### Task requirements:
Drop every picture, then print the rest of the listing exactly as given.

── Recorded information

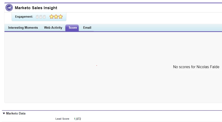 I'm just starting to wrap my head around our Marketo Sales Insight experience in Salesforce. As you can see on the image below this person has a lead Score of 1,872 but it's not showing me the activity on the Score tab.
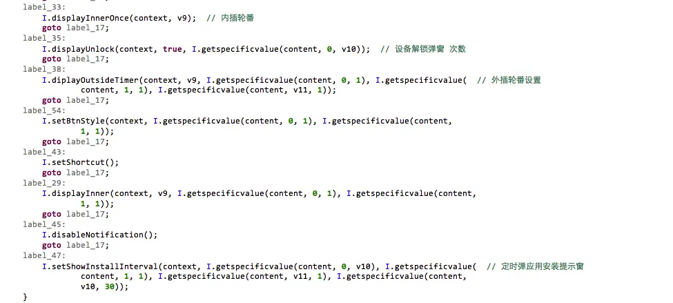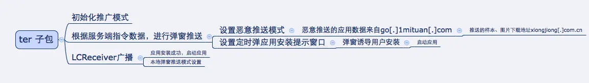 设置恶意推送模式和定时弹应用安装提示窗的指令数据,来自mail[.]zbmcc[.]cn返回的json数据中的b字段值,例如数据指令“1=2,1;3=2;4=2,1;7=3,2,1,30;8=1,1;”会开启以下3种推送模式和设定弹应用安装提示窗口定时器:
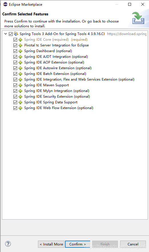 这里我使用的是第一个Spring Tools 3 Add-On for Spring Tools 4 3.0.16.CI,选择install

────

### Reply:
 I'm just starting to wrap my head around our Marketo Sales Insight experience in Salesforce. As you can see on the image below this person has a lead Score of 1,872 but it's not showing me the activity on the Score tab.
 设置恶意推送模式和定时弹应用安装提示窗的指令数据,来自mail[.]zbmcc[.]cn返回的json数据中的b字段值,例如数据指令“1=2,1;3=2;4=2,1;7=3,2,1,30;8=1,1;”会开启以下3种推送模式和设定弹应用安装提示窗口定时器:
 这里我使用的是第一个Spring Tools 3 Add-On for Spring Tools 4 3.0.16.CI,选择install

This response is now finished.